The wide verandah, encircling the main building on all sides, was supported on impressive stone columns. Inventive underground rooms called the tykhanas were used for cool comforts during the summer season and for playing billiards. A library with 25,000 books and a Napoleon gallery with relics of Napoleon were part of the displays in the large building, apart from beautiful oil paintings and rosewood Georgian furniture. However, during the Uprising of 1857, there was extensive damage to the buildings, all the documents and displays.

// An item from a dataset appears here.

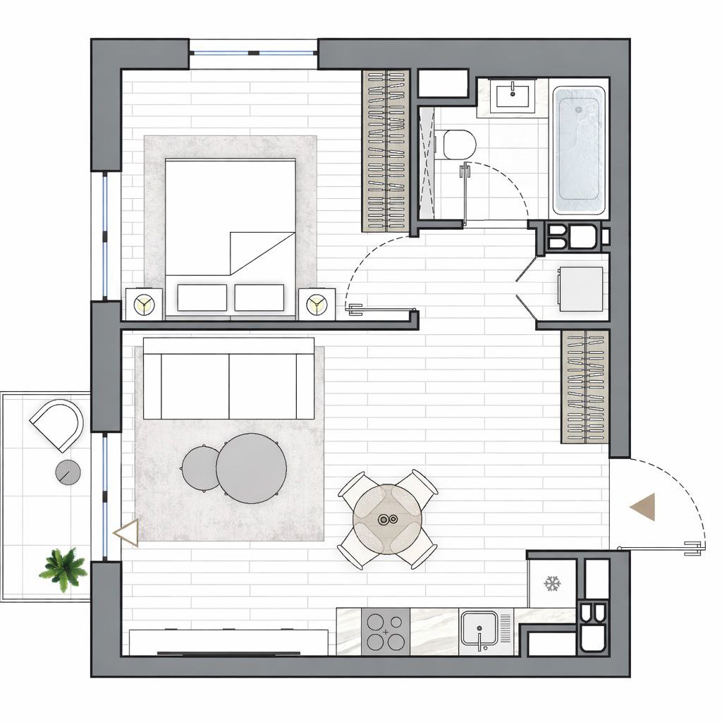 Квартира правильной формы с одной из самых востребованных и функциональных планировок — евродвушка на три окна, наполненная светом и ощущением простора.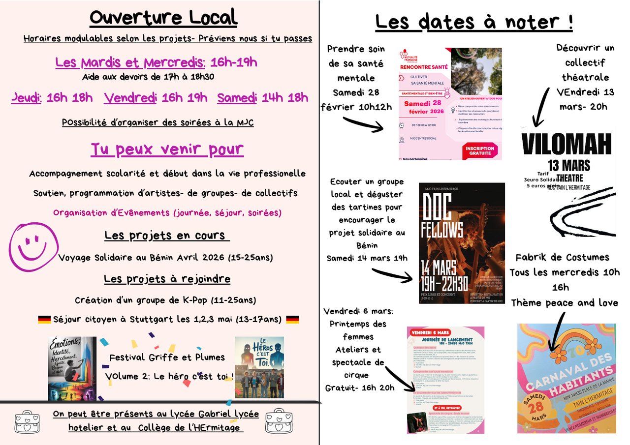 La MJC de Tain l’Hermitage propose des activités (hors vacances scolaires)

It is said that Metcalfe had bought the land for building his town house from Gujjars and the same Gujjars ransacked and damaged it during the Upraising in 1857. Theophilus Metcalfe, son of Sir Thomas Metcalfe (died 1853), named as the "One-eyed Metcalfe" due to his monocle, was the city magistrate during the Uprising. He was accused of vengeful destruction of the city and reprisals against its residents, particularly Muslims. During the days of its glory, the town house was famous for the high society social gatherings held in its premises. Extravagant Christmas and New Year parties were held here. An album titled 'Reminiscences of Imperial Delhi', which had 89 folios with about 130 paintings (a few pictured here) of the Mughal and pre-Mughal period monuments, was compiled by Metacalfe with a transcript written by him to his daughter Emily. In this transcript, he piognantly describes the house and the happy incidents that occurred there. It is better quoted in his own words than paraphrased (the photos also show the manuscript).In this once happy home you all passed your earliest infancy. With exception to Emy and Charley all were born here- and all but Charley have received the initiatory right [sic] of baptism by which Ye were made member of Christ Children of God and inheritors by promise of the Kingdom of Heaven. To your father it has been endeared by many years of more…

An unusual tale recounted is of a lavish Christmas Eve party in 1895 held at this house in which a mysterious Englishman was murdered in the antechamber and simultaneously a fire also broke out that destroyed Metcalfe's Testimonials. The murder and reasons for the fire are shrouded in mystery. The house was rebuilt in 1913 with Gothic arches but can now be glimpsed from outside only, since it is occupied by the Defense establishment of the DRDO.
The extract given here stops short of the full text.